» **To do**
Leave out the pictures and set down exactly the lines from the start of the listing through the one with "Une salle de", both included.

» **Input**
__________
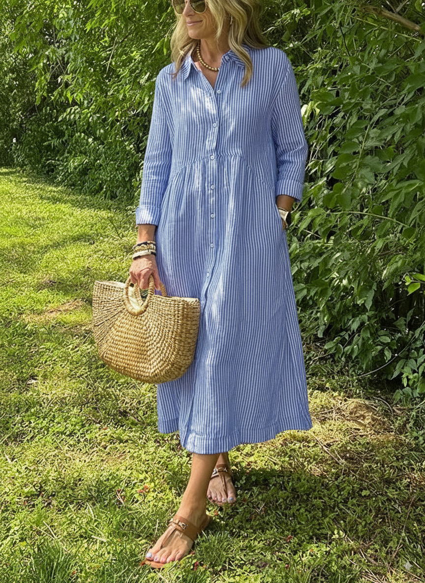 Timeless Elegance: Long Sleeve Striped Lapel Button Down Dress
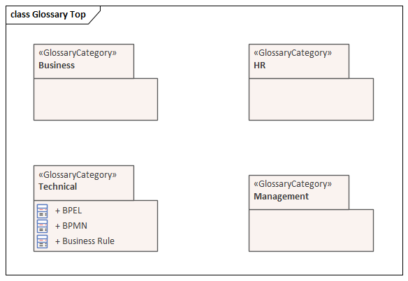 - For each Glossary Category you want to group terms and definitions under, drag the Glossary Category icon from the Toolbox onto the diagram and provide a name for it, such as 'Technical', 'HR' or 'Management'. A <<GlossaryCategory>> Package is created on the diagram and in the model.
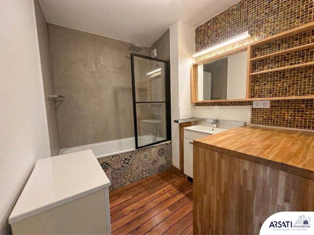 Une salle de bain ainsi que des WC séparés complètent l’ensemble.
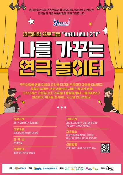 연극 체험 프로그램 대한 자세한 내용은 배방어울림문화센터 누리집, 블로그, 인스타그램에서 확인할 수 있으며 신청은 QR코드, 전화, 방문을 통해 가능하다.
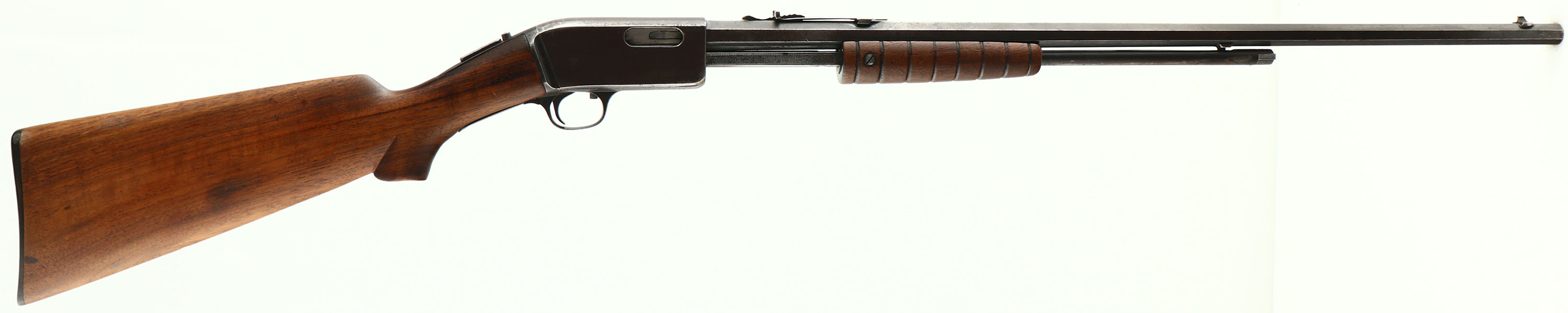 Marlin, Model 38, .22 S. L. & LR. Cal., MFG. 1921-30, SN: A8171, Pump Rifle, 24'' Tapered octagon barrel, 2/3rd mag. The original factory wood stocks are very good & solid, having been sanded & refinished some time ago. The wood has since accumulated several minor scratches & contusions, with a couple of groupings of larger dings on the left side belly of the stock. Stocks retain a nice authentic appearance. The factory metal blue finish has worn or toned to a gray/brown patina. Barrel carries an adjustable rear & small blade front sights. Bore is very good, Original Marlin buttplate. Smooth tight action. FFL or C&R Req. - Value: 250 to 500
__________
» **Answer space**
 Timeless Elegance: Long Sleeve Striped Lapel Button Down Dress
 - For each Glossary Category you want to group terms and definitions under, drag the Glossary Category icon from the Toolbox onto the diagram and provide a name for it, such as 'Technical', 'HR' or 'Management'. A <<GlossaryCategory>> Package is created on the diagram and in the model.
 Une salle de bain ainsi que des WC séparés complètent l’ensemble.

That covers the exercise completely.